De certa forma, “educação para o trânsito” também é expressão consagrada pelo senso comum, o que, por isso mesmo, não pode ser desprezado. Mas o que realmente significa educar para o trânsito? Será que o que se entende por isso reflete os objetivos de uma política séria, capaz, por exemplo, de reverter o quadro dramático do número de vítimas que nosso trânsito produz? Uma reflexão sistematizada sobre a questão certamente requereria mais espaço e o concurso de estudiosos mais especializados nos fundamentos pedagógicos do que é capaz de fazer um profissional da engenharia, ainda que lidando com o ensino e a pesquisa. De todo modo, arrisco a ponderação que segue.

Não duvido que grande número de pessoas associe à noção de “educação para o trânsito” a formação adequada de condutores de veículos. Não por outro motivo, muita gente entende que as Escolas Públicas de Trânsito, referidas no artigo 74 do Código, não são mais do que autoescolas, de preferência gratuitas, a serem mantidas pelos órgãos executivos de trânsito. Mesmo que nossos interlocutores rompam os limites dessa equivocada interpretação, dificilmente enxergarão na “educação para o trânsito” algo muito diferente do ensino-aprendizagem de um conjunto de regras que inevitavelmente reproduzem o ambiente das cidades cujas ruas, ao longo do último século, deixaram de ser o espaço público de circulação e de encontros de pessoas para se tornarem território ocupado pelo despótico império do automóvel.

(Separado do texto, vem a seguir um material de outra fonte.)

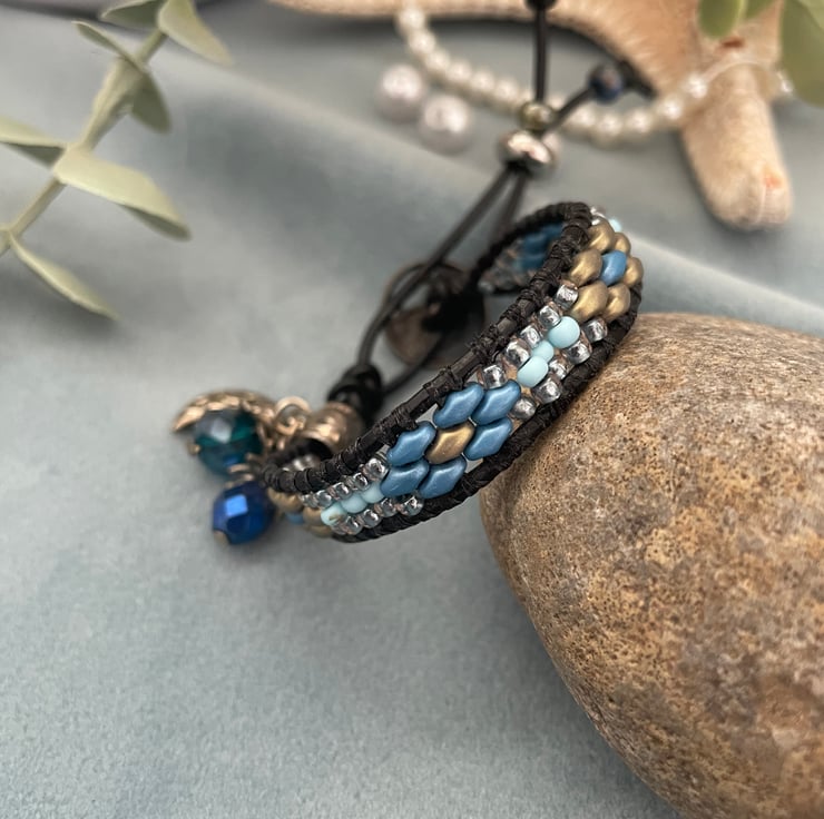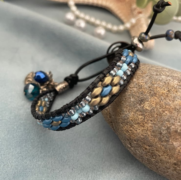 Created by weaving Superduo and Czech seed beads onto Italian leather the closure is a copper colored button and is adjustable by pushing up the sliding bead to fit.

Entretanto, se quisermos resgatar os princípios e diretrizes da Política Nacional de Trânsito, aprovados em 2004 pelo Contran depois de uma série de eventos que os discutiram nas principais áreas metropolitanas brasileiras, precisamos pensar a educação de forma diferente: menos de modo meramente normativo e mais como fator de emancipação e de promoção da cidadania. Assim, as pessoas poderiam protagonizar a construção de um ambiente de circulação verdadeiramente público, seguro e inclusivo, destinado a uma convivência social democrática. Ao mesmo tempo, teríamos a oportunidade de produzir uma ambiência propícia ao desenvolvimento de relações humanas em geral mais civilizadas, com mais respeito à coletividade.

Aí, sim, começaríamos a recuperar a dimensão transformadora da realidade que a educação tem, mas perde quando é reduzida a um instrumento de reprodução e conformação ao status quo. Talvez um passo significativo nesta direção possa ser dado com a substituição, não necessariamente na lei, mas essencialmente nos programas e ações, da “educação para o trânsito” pela “educação no trânsito”. E, naturalmente, para todos!

* Engenheiro, Doutor em Estudos de Transportes pela Universidade de Londres (University College London) e Professor do Programa de Pós-graduação em Transportes da Universidade de Brasília.